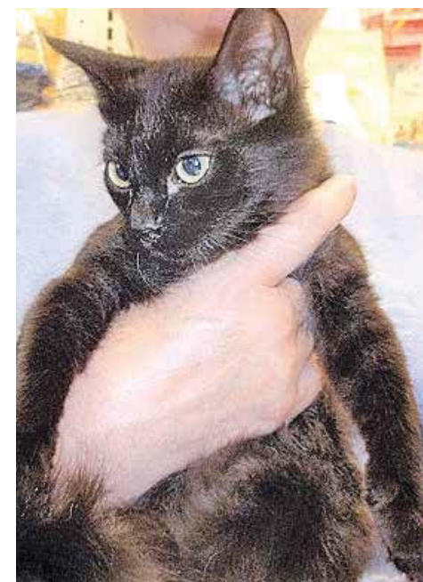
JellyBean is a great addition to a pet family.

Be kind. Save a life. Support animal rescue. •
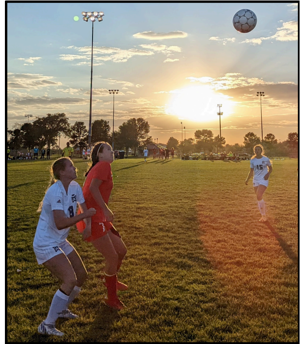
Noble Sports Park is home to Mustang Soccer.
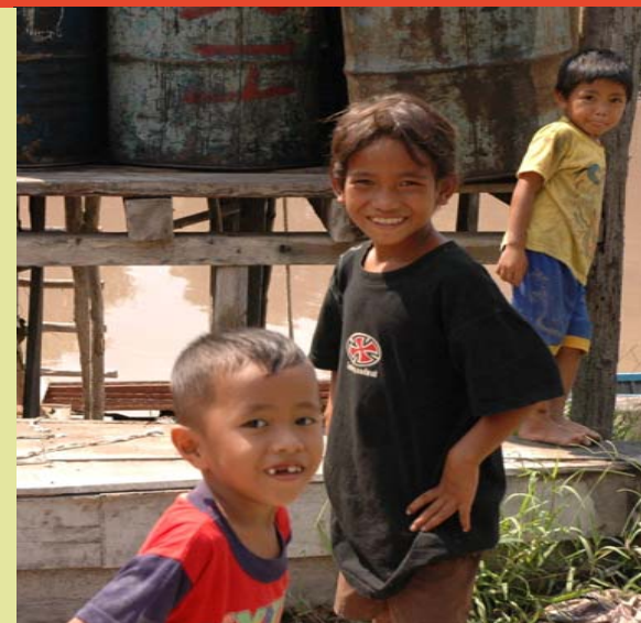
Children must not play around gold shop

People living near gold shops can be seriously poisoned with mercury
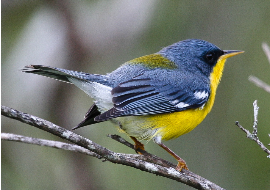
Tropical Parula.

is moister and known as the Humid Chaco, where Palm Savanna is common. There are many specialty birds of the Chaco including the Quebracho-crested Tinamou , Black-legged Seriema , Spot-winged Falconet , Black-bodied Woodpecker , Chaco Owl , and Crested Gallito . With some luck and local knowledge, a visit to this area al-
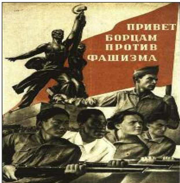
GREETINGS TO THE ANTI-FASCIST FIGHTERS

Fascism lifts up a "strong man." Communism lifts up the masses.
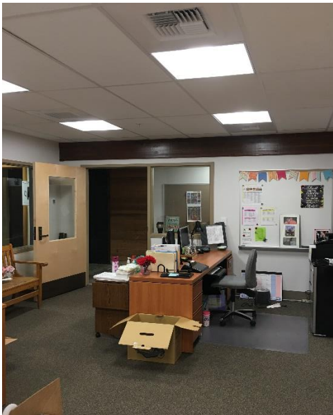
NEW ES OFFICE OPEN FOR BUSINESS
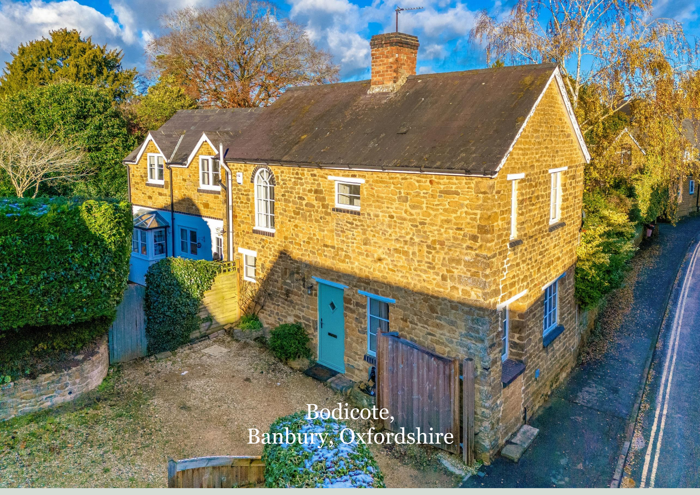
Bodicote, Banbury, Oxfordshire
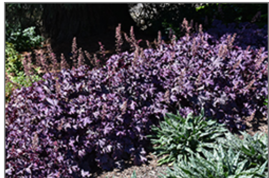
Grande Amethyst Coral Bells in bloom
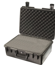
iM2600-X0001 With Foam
------------------------------
WHAT IS NEEDED
Could you repeat the listing above exactly, omitting its pictures?

TASK RESPONSE
JellyBean is a great addition to a pet family.

Be kind. Save a life. Support animal rescue. •
Noble Sports Park is home to Mustang Soccer.
Children must not play around gold shop

People living near gold shops can be seriously poisoned with mercury
Tropical Parula.

is moister and known as the Humid Chaco, where Palm Savanna is common. There are many specialty birds of the Chaco including the Quebracho-crested Tinamou , Black-legged Seriema , Spot-winged Falconet , Black-bodied Woodpecker , Chaco Owl , and Crested Gallito . With some luck and local knowledge, a visit to this area al-
GREETINGS TO THE ANTI-FASCIST FIGHTERS

Fascism lifts up a "strong man." Communism lifts up the masses.
NEW ES OFFICE OPEN FOR BUSINESS
Bodicote, Banbury, Oxfordshire
Grande Amethyst Coral Bells in bloom
iM2600-X0001 With Foam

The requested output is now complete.